If you are only interested in computing the height of $I(Y)$, then you can argue as follows.
First, since $\dim k[x,y,z]=3$ it follows immediately that $\operatorname{ht}I(Y) \leq 3$.
The existence of the chain
\begin{split}
(0) \subsetneq (xz-y^2) \subsetneq I(Y)
\end{split}
of prime ideals in $k[x,y,z]$ implies moreover that $\operatorname{ht}I(Y) \geq 2$, so that either $\operatorname{ht}I(Y)=2$, or $\operatorname{ht}I(Y)=3$.
But $\operatorname{ht}(I(Y))=3$ would imply that $I(Y) \subset k[x,y,z]$ is a maximal ideal and hence $Y$ would have to consist of a single point, which is false.
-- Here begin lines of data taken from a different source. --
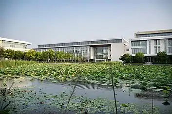 The campus blends traditional Chinese elements with advanced educational technology in a spacious, modern setting. Extensive aquatic elements, including an aquatic quadrangle at the center of campus, symbolize the region's famous water towns and are integrated throughout the campus, while information technology and Telepresence systems provide connections to colleagues and classmates around the world. The site has a high water table, so designers elected to preserve 40 acres as community gardens.[26]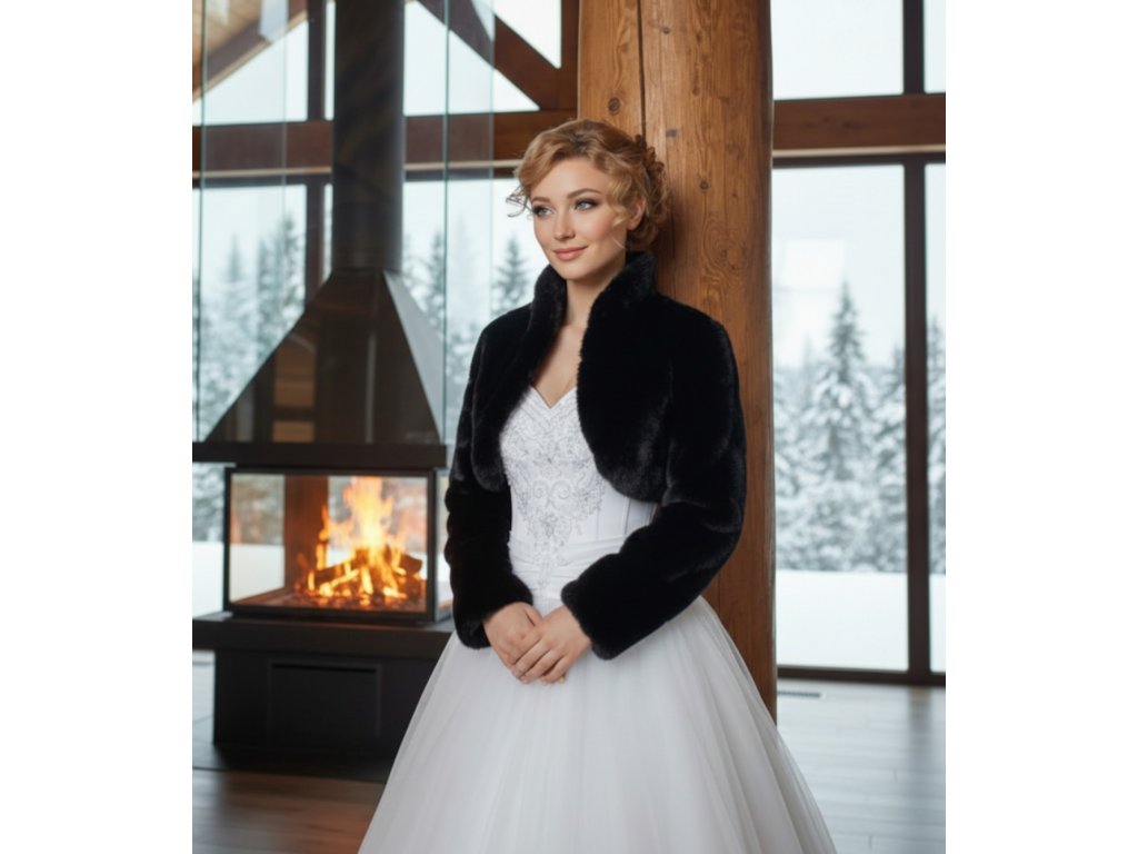 › Svadobné kožúšky a svetre › Kožušinové bolerko s vyšším golierom - čierne: BF-26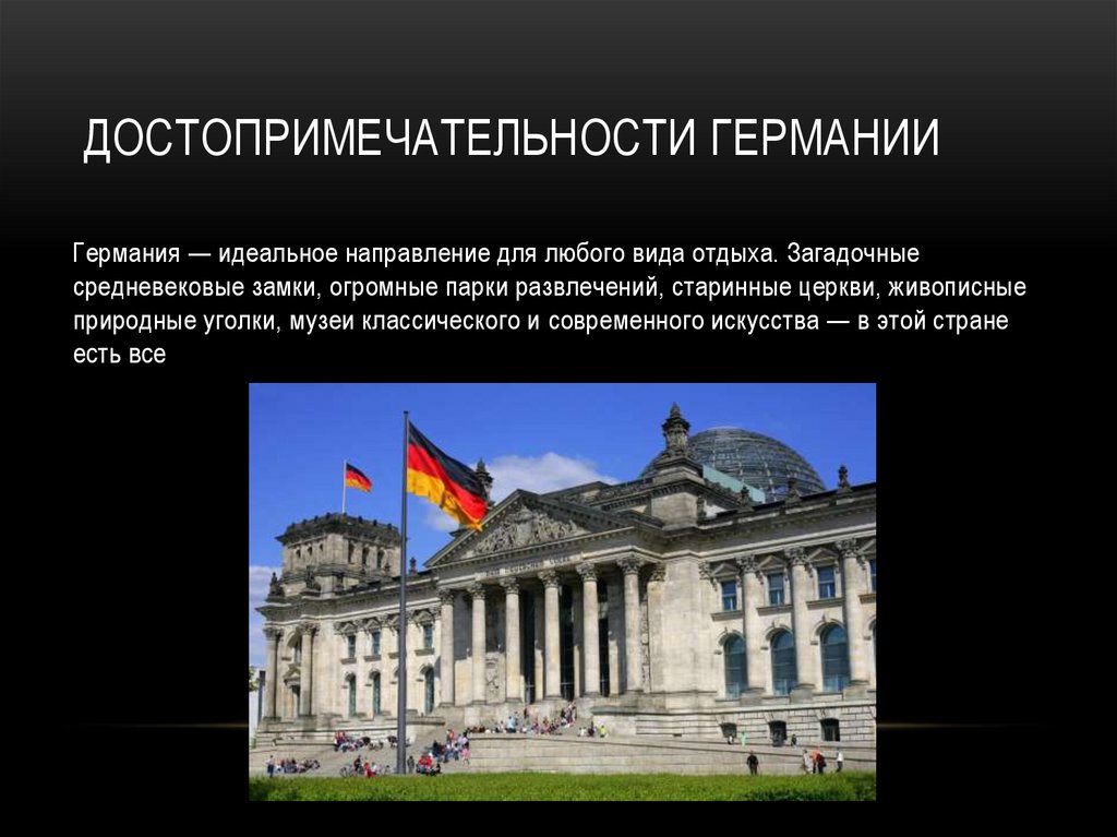 ДОСТОПРИМЕЧАТЕЛЬНОСТИ ГЕРМАНИИГермания — идеальное направление для любого вида отдыха. Загадочные

Therefore $\operatorname{ht}I(Y)=2$.
As you indicated, you can also compute the height of $I(Y)$ by calculating the dimension of $A(Y):=k[x,y,z]/I(Y)$, the affine coordinate ring of $Y$, thanks to the formula
\begin{split}
\operatorname{ht}I(Y)+\dim A(Y)=\dim k[x,y,z]=3
\end{split}
which is a special case of the dimension-formula. (cf., e.g. Hartshorne, Theorem I.1.8A). Thus $\operatorname{ht} I(Y)=2$ is equivalent to $\dim A(Y)=1$.
Now if you already know that $A(Y)=\Bbb{C}[t^3,t^4,t^5]$, then it is easy to show that $\dim A(Y)=1$ (since the dimension of $A(Y)$ is equal to the transcendence degree of the field of fractions of $A(Y)$ over $\Bbb{C}$, which is $\Bbb{C}(t)$, and this has transcendence degree $1$ over $\Bbb{C}$).
But proving that $A(Y)=\Bbb{C}[t^3,t^4,t^5]$ you need to know what $I(Y)$ looks like, and this seems to be a little more complicated than the above method for computing the height of $I(Y)$.